Print word for word the first line of the listing below and every line after it, through the line with "Port național din Bicazul ardeleanesc". Leave out the pictures and the rest.

= Beginning of Section =

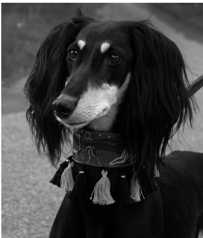
WW 2003 INT CH Walisha Sawahin

After the first live contact with this breed I had caught the Saluki virus and it took only a few days until I had my own Saluki.
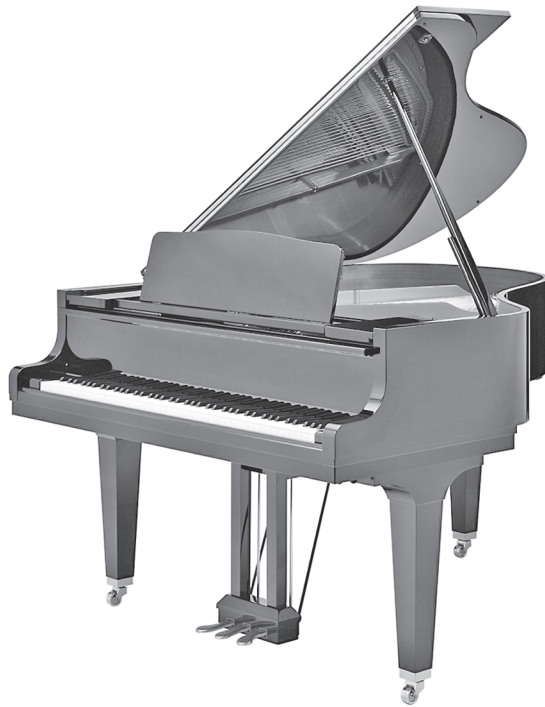
Abbildung 1.1: So einen zu besitzen, ist riesig.
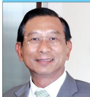
พล.อ.ฉัตรชัย สาริกัลยะ
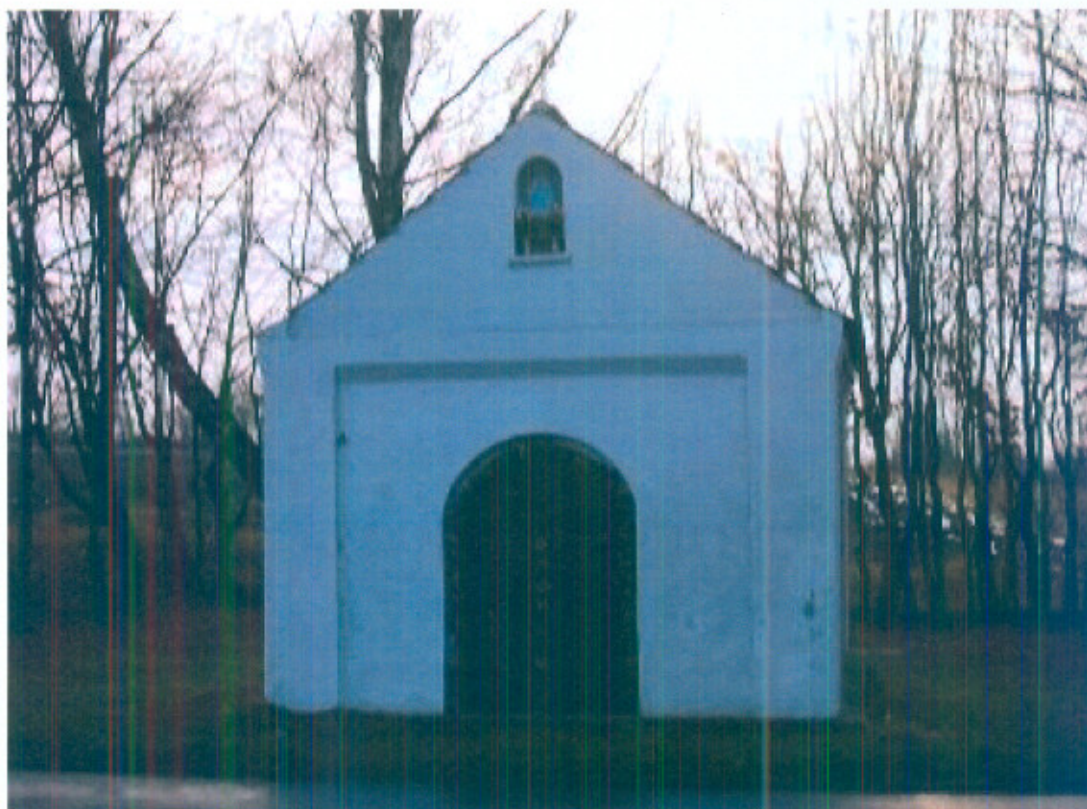
Fot. 3. Kapliczka przydrożna w Libidzy

Do roku 1993, to jest do czasu oddania kościoła parafialnego pw. Św. Jana Chrzciciela, w kapliczce odbywały się nabożeństwa i inne uroczystości kościelne.
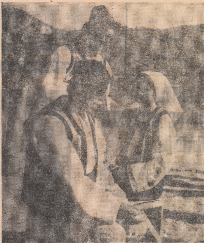
Port național din Bicazul ardeleanesc

În raionul Sf. Gheorghe există toate condițiile pentru ca manifestările cultural-artistice în aer liber să aibă programe mai variate și un conținut mai bogat, să prilejuiască o odihnă plăcută și să contribuie mai din plin la îmbogățirea cunoștințelor cultural-științifice ale oamenilor muncii de la sate.

= End of Section =

→ **Answer space**:
WW 2003 INT CH Walisha Sawahin

After the first live contact with this breed I had caught the Saluki virus and it took only a few days until I had my own Saluki.
Abbildung 1.1: So einen zu besitzen, ist riesig.
พล.อ.ฉัตรชัย สาริกัลยะ
Fot. 3. Kapliczka przydrożna w Libidzy

Do roku 1993, to jest do czasu oddania kościoła parafialnego pw. Św. Jana Chrzciciela, w kapliczce odbywały się nabożeństwa i inne uroczystości kościelne.
Port național din Bicazul ardeleanesc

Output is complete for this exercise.